2. The method of claim 1 , further comprising generating a connection string that identifies a location of the data store server that is used by the server to connect to the data store server.
3. The method of claim 2 , wherein generating the connection string comprises generating the connection string on the server for each received request.
4. The method of claim 1 , wherein determining the data store server comprises determining the data store server from one of many data store servers.
5. The method of claim 1 , wherein determining the data store server comprises mapping the identifier to the data store server using a deterministic partition resolving algorithm.
6. The method of claim 5 , wherein the deterministic partition resolving algorithm may be created by a user.
7. The method of claim 5 , further comprising using the partition resolving algorithm to implement at least one of: load balancing, affinity, and failover.
8. The method of claim 5 , further comprising utilizing a partition resolving object to access the partition resolving algorithm.
9. The method of claim 8 , wherein the partition resolving object is configured to maintain a configured list of available data storage servers; and upon on each request that is obtained, resolve the identifier to one of the available data storage servers by hashing it into a partition table; and returning the connection information for the selected data storage server.

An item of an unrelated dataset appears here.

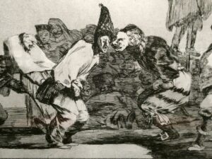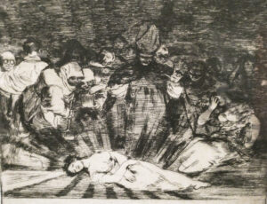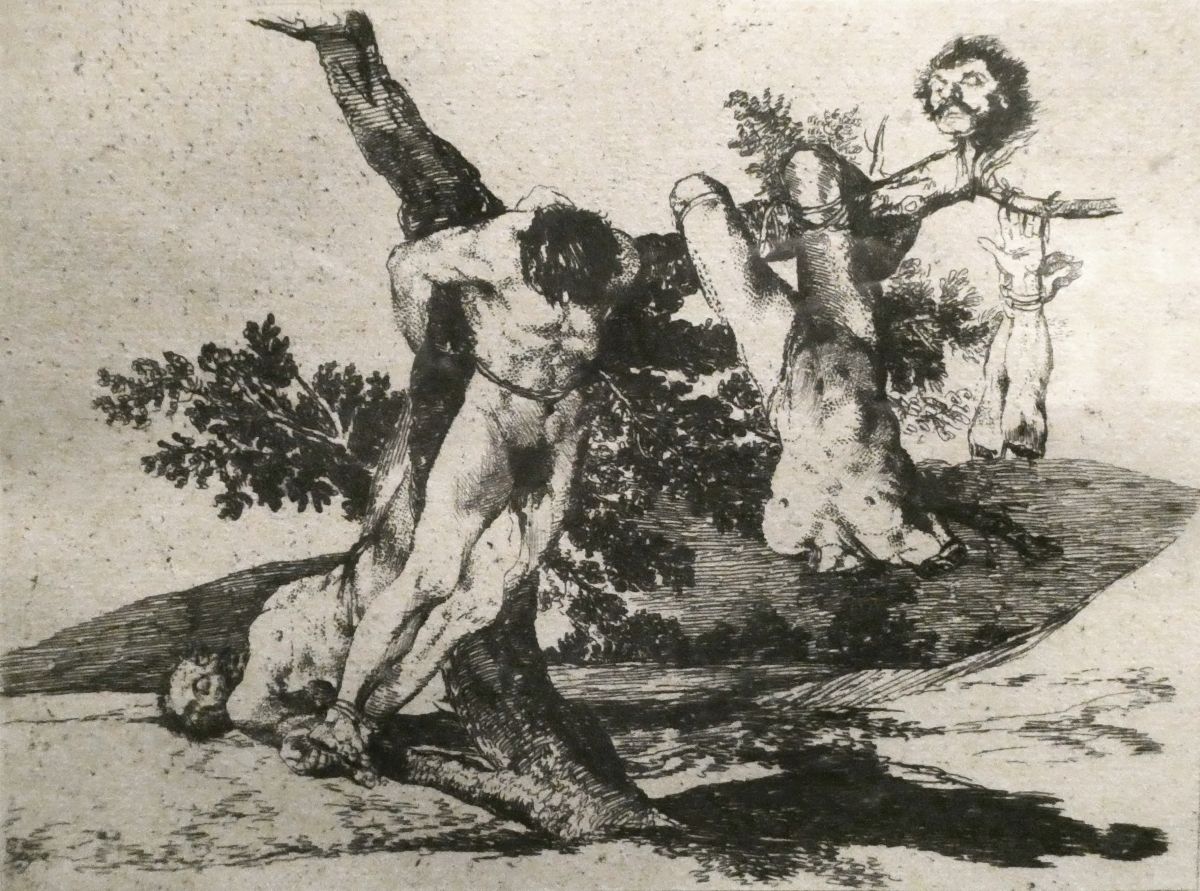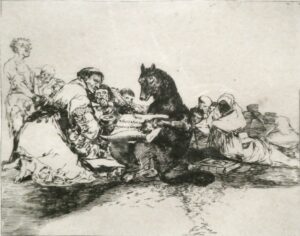 Le détour par l’imagerie grotesque est plus rare ici que dans les Caprices, peut-être parce que le peintre a moins ciblé les puissants du moment que l’absurdité et la confusion de la souffrance générale. On voit dans les images quelques loups plénipotentiaires rédiger et signer des traités dont on se doute qu’ils ne comptent pas les respecter, ou un religieux marcher en équilibriste sur une corde usée, obligé de ménager tous les camps faute de savoir où ira la victoire. Ailleurs, des manants agenouillés dans l’espoir d’un miraculeux sauvetage adressent des prières à un squelette costumé, promené sur un âne dans un cercueil de verre…

10. A computer-readable medium having computer-executable instructions for session state partitioning, comprising:
receiving a request for data; wherein the request includes a session identifier and wherein the request is received by a first computing device;
applying a deterministic partition resolving algorithm at the first computing device; wherein applying the algorithm generates a connection string that provides a location of a second computing device from which to retrieve the data; and
connecting the first computing device to the second computing device using the connection string.
11. The computer-readable medium of claim 10 , wherein generating the connection string comprises generating the connection string on the first computing device each time a request is received and wherein the connection string is dynamically generated.
12. The computer-readable medium of claim 11 , wherein the first computing device is a web server that is part of a web farm and wherein the second computing device is a back-end data store that is one of many back-end data stores.
13. The computer-readable medium of claim 11 , wherein the deterministic partition resolving algorithm comprises hashing the session identifier to determine the location of the second computing device.
14. The computer-readable medium of claim 11 , wherein the session identifier identifies a session that relates to a user's interaction with an e-commerce web site.
15. The computer-readable medium of claim 10 , wherein the partition resolving algorithm is configured to maintain a configured list of available second computing devices; resolve the session identifier to one of the available second computing devices; and return the connection information for the selected second computing device.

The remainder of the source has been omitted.